The woodland haven for farewells and memories
Richard Youle, local democracy reporter
Heading north from Carmarthen you drive through a steep valley with the Afon Gwili flowing past and ascend towards Rhos where the landscape opens up and, after passing through the village, a left turn takes you to a remote woodland.
In that woodland lie around 50 people – all loved ones to many. Hundreds more are expected to join them.
Keith Hall, who runs Bargoed Natural Burials with his mother, emerges from the trees a couple of minutes after I arrive. It’s very quiet, very green and very wet underfoot. It’s Carmarthenshire, after all.
History
Keith’s parents moved to the area from Gloucestershire 28 years ago when he was two and managed their land predominantly for wildlife. His father doesn’t live there any more but Keith and his mother, Sally, who has planted thousands of trees, have grown the burial business since gaining planning permission from the county council at the end of 2019.
Keith said: “At the time I was quitting my job and my mother said, ‘Do you want to try and set it up?’ The main issue was the planning.”
Not many 25-year-olds, as Keith was then, fill in an planning application form and arrange groundwater and drainage reports – very few do so for a burial site application.
“It came back to us (from the planning department) a couple of times to re-do,” said Keith, now 30. “We got planning permission, and had our first burial in February 2020 just before the Covid lockdown. That was quite a nice one – a friend of my mother’s friend. They didn’t want anything big, they wanted it to be ‘DIY’.”
The burials take place among seven acres of woodland and wildflower meadow – land which was previously permanent pasture. There is scope to extend to an adjacent 13 acres subject to planning consent.

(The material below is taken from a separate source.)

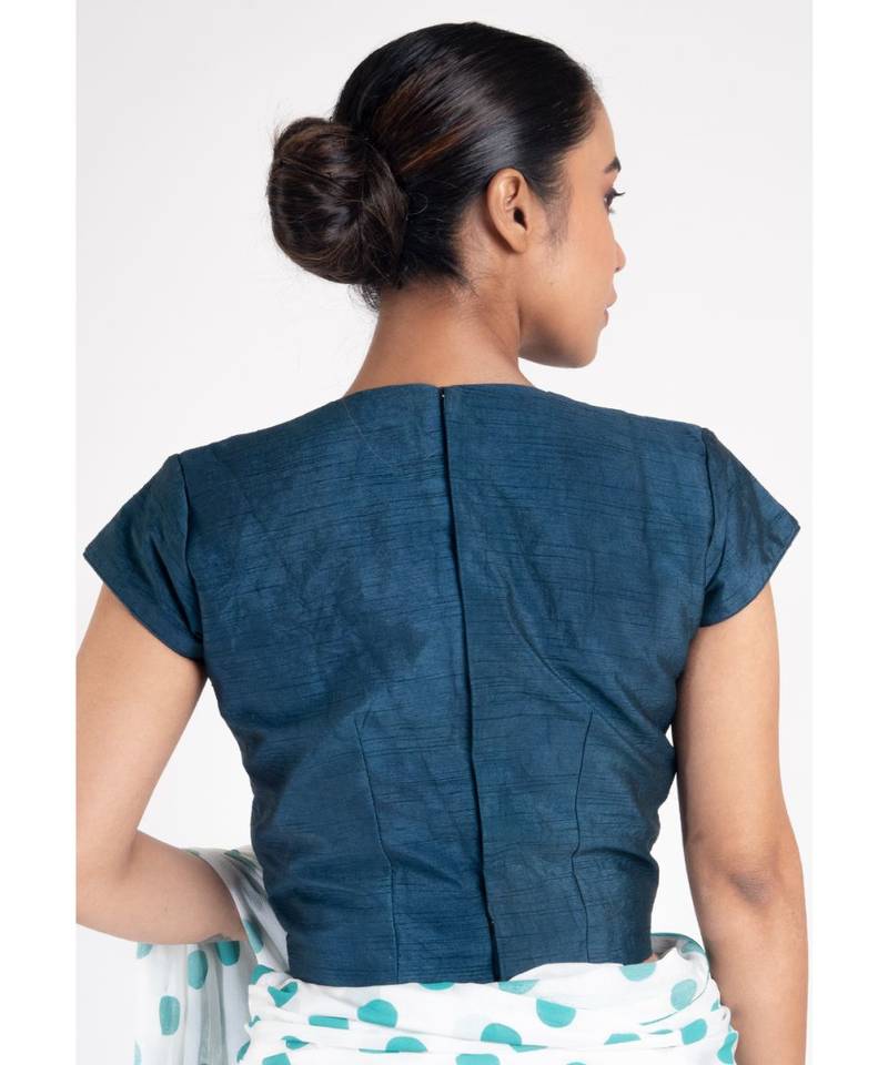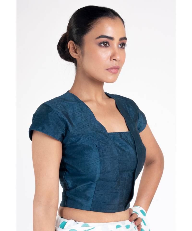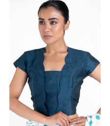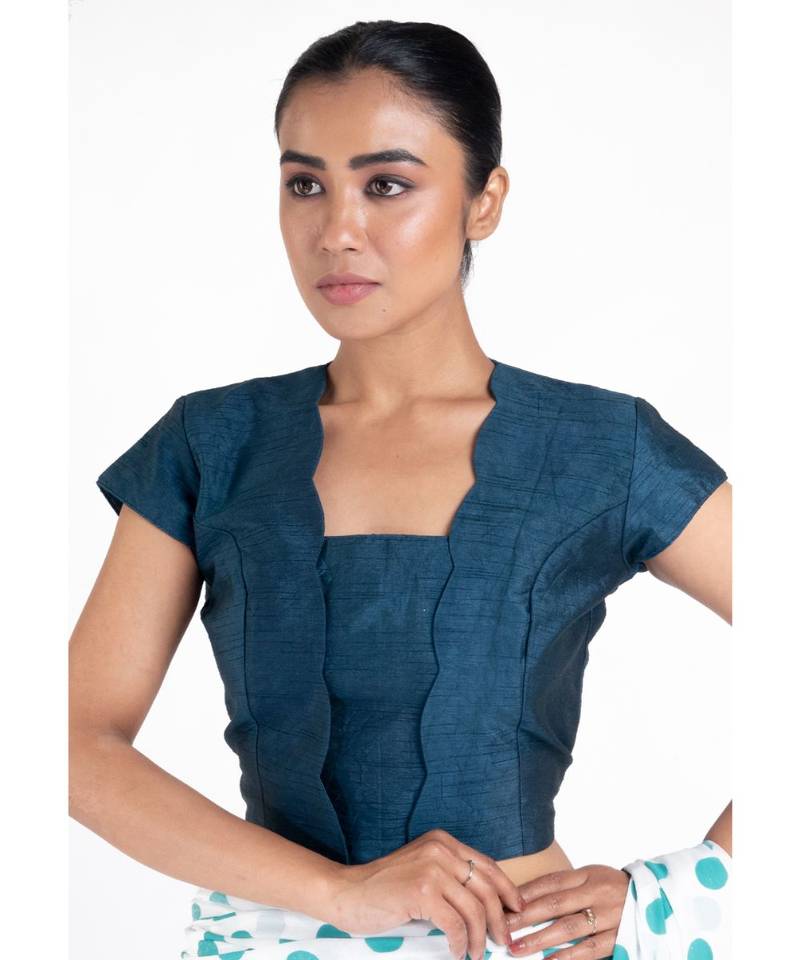 | Product Name | Mid Night Blue Rawsilk Padded Blouse With Scallop Overlap Design | |
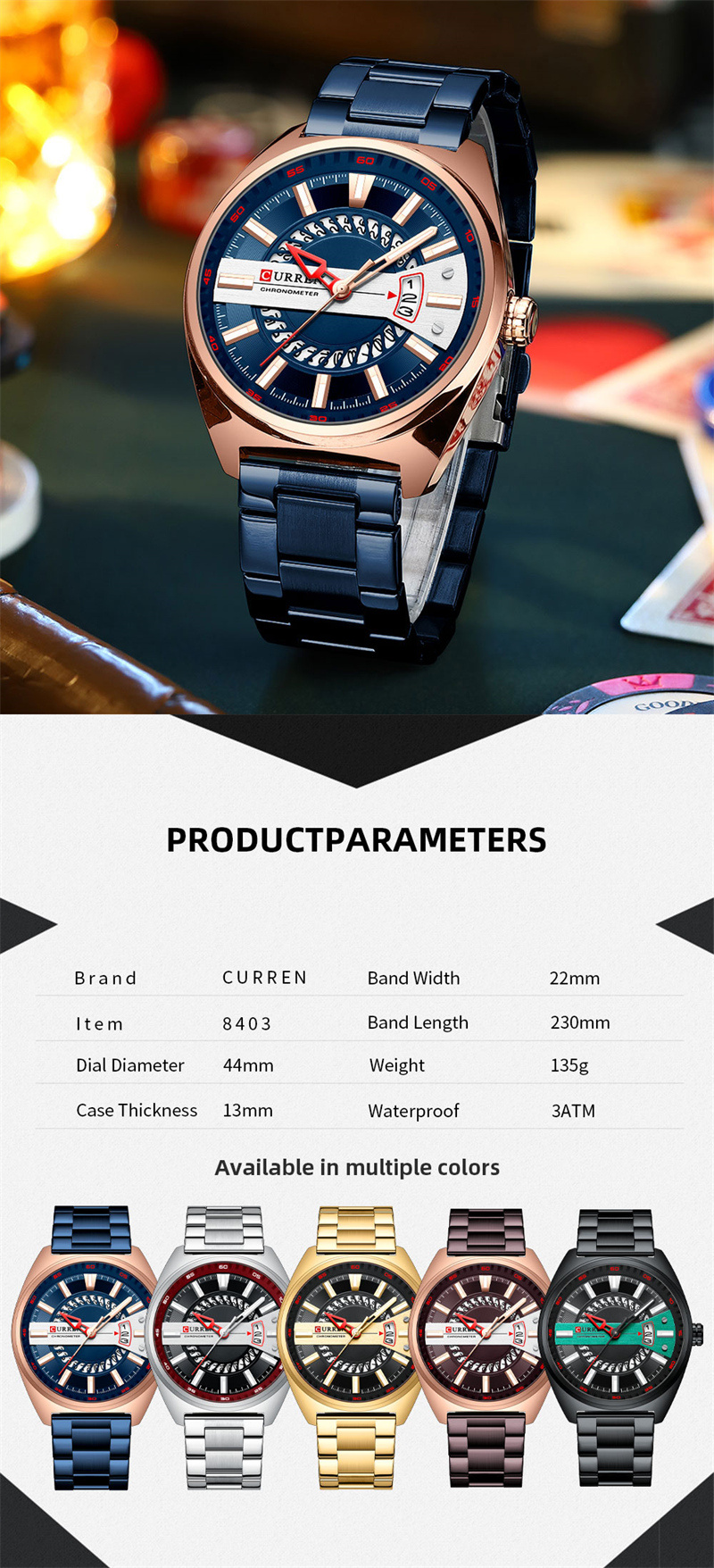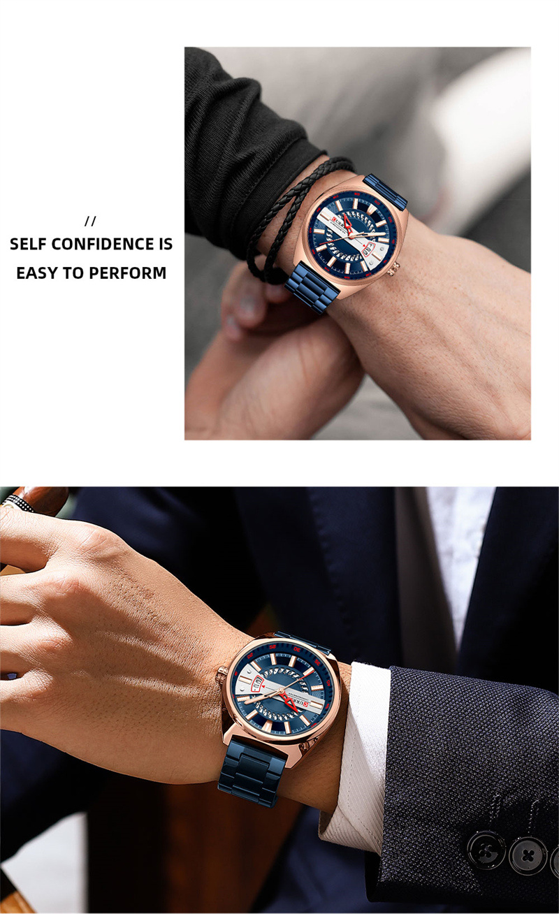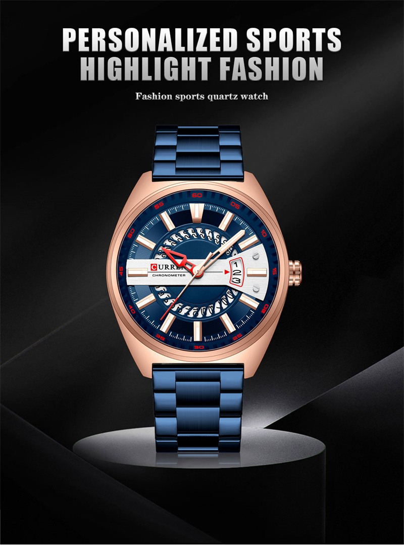 CURREN卡瑞恩8403新款钢带男士石英机芯日历个性户外商务休闲手表

Keith said the area currently being used could accommodate up to 500 burials, a small proportion of which would be caskets with ashes inside rather than conventional graves. “We’ve already got about 100 pre-booked plots, including one person in her late 20s,” he said. “It can take the weight off people’s minds.”
Natural
More people are choosing natural burials over cremations and cemetery burials, according to the Association of Natural Burial Grounds, a membership group run by a charity called the Natural Death Centre.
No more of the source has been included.